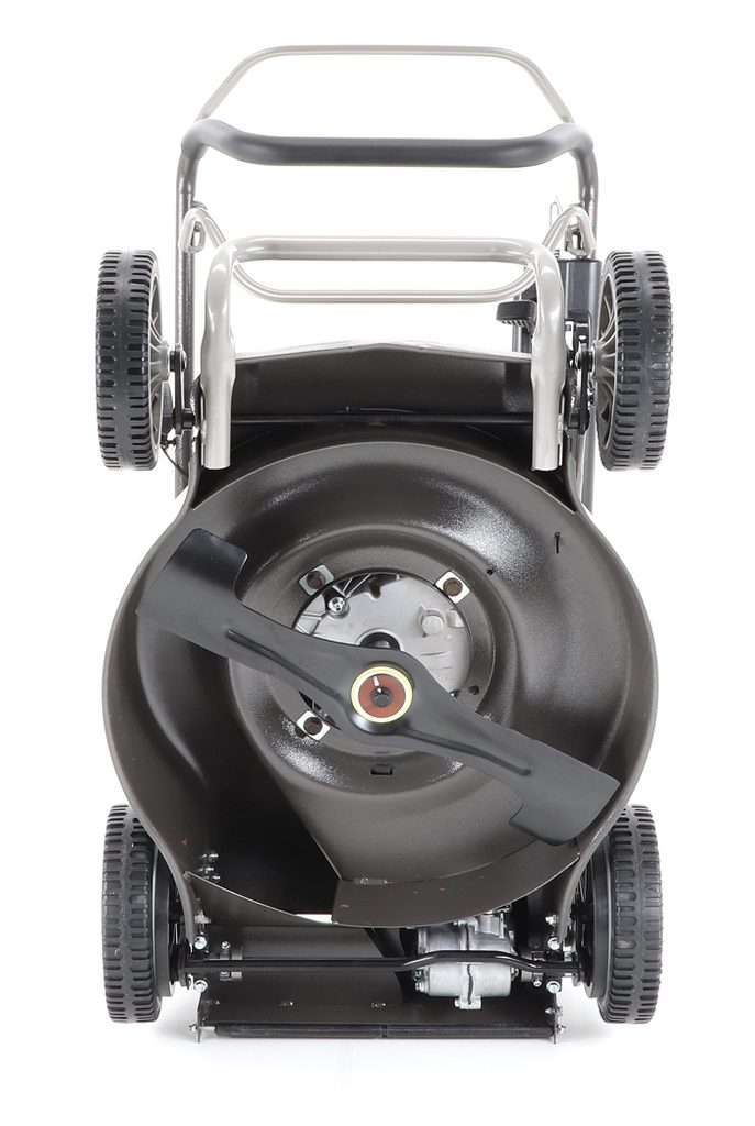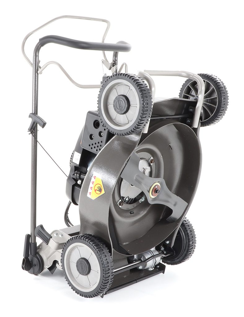 Novinkou kosačky je čistenie, servisovanie otočiť a postaviť na zadné špeciálne pätky šasi, týmto sa ľahko dostanete na spodnú časť žacieho ústrojenstva, uloženie náprav a prevodovku. Variabilná rýchlosť pojazdu: 2.9, 3.6, 4.4 km/hod vrstvy nástreku
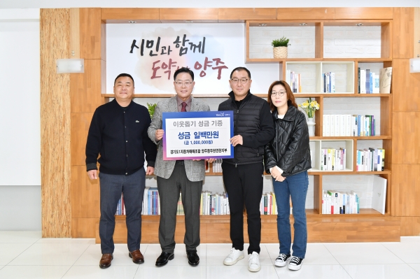 기탁식에는 강수현 양주시장을 비롯해 경기도1자동차매매사업조합 양주·동두천·연천지부 유재관 지부장과 임원진을 비롯해 다수가 참석했다.
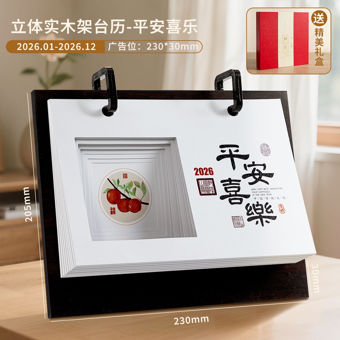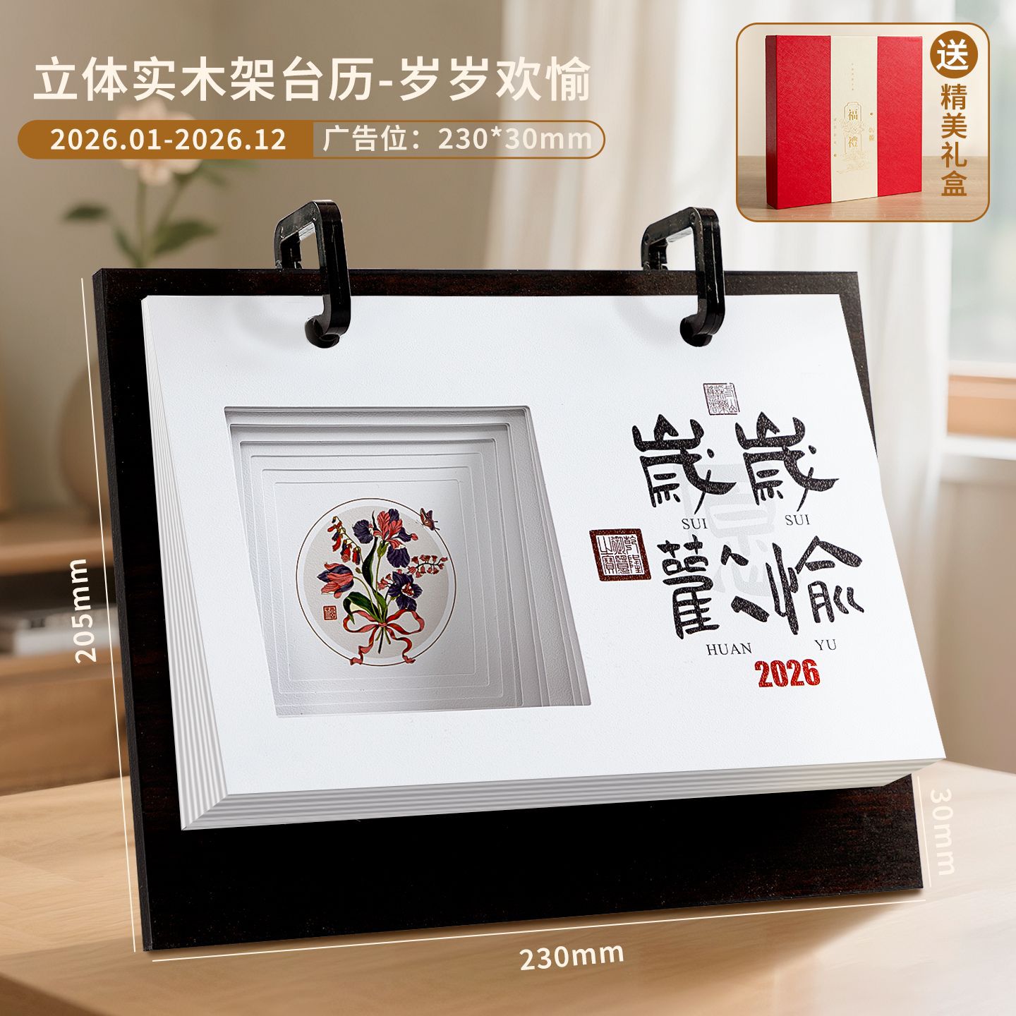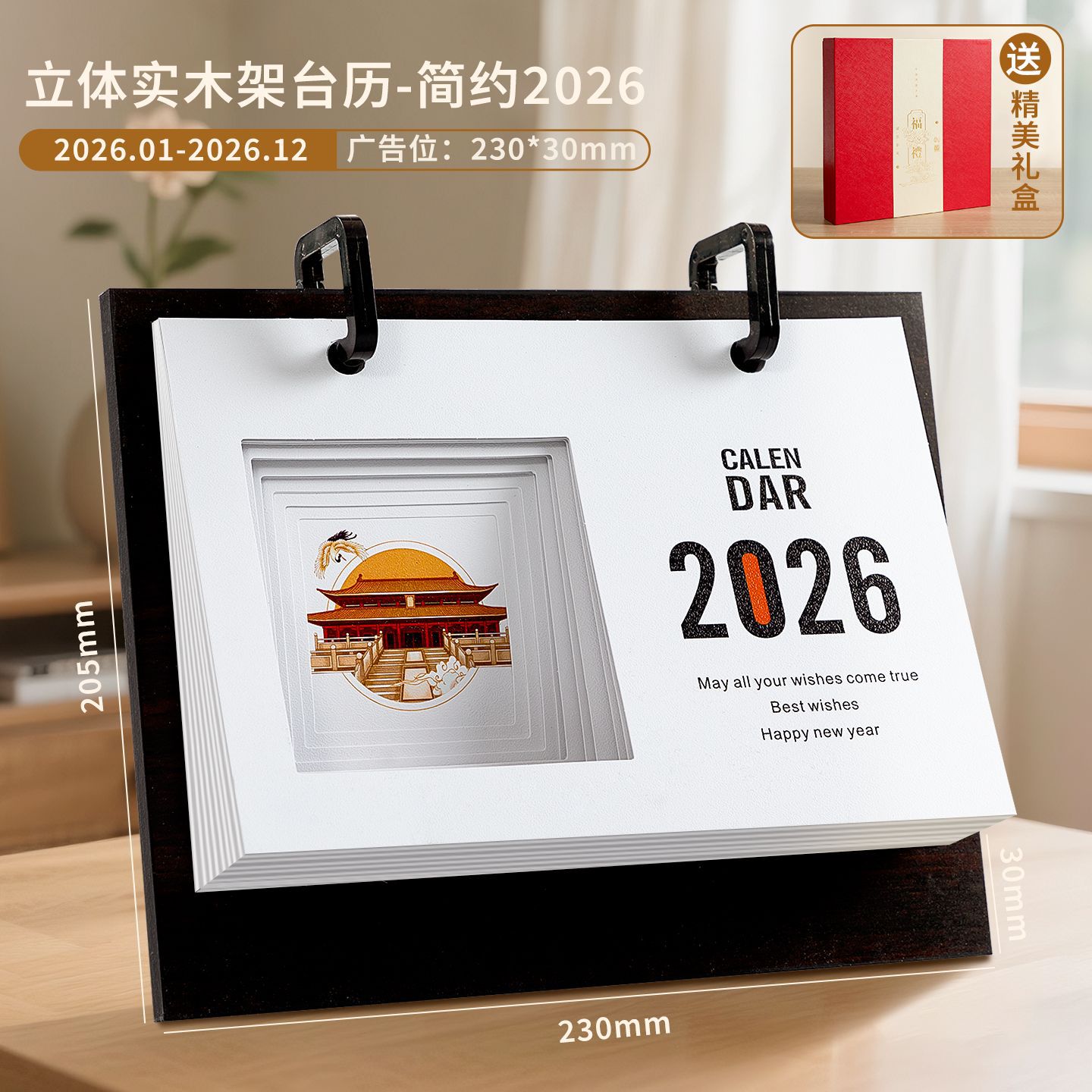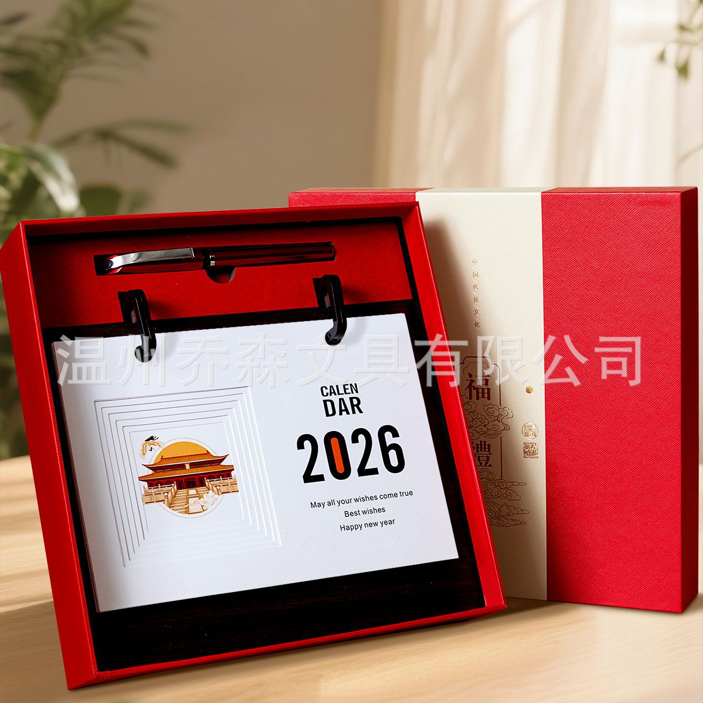 轻奢台历定制轻奢高级木质办公摆件收纳日历套装新款定做马年台历

* Task description *
Pictures are to be left out. Otherwise, copy the material above exactly.

* Answer to the problem *
 Novinkou kosačky je čistenie, servisovanie otočiť a postaviť na zadné špeciálne pätky šasi, týmto sa ľahko dostanete na spodnú časť žacieho ústrojenstva, uloženie náprav a prevodovku. Variabilná rýchlosť pojazdu: 2.9, 3.6, 4.4 km/hod vrstvy nástreku
 기탁식에는 강수현 양주시장을 비롯해 경기도1자동차매매사업조합 양주·동두천·연천지부 유재관 지부장과 임원진을 비롯해 다수가 참석했다.
 轻奢台历定制轻奢高级木质办公摆件收纳日历套装新款定做马年台历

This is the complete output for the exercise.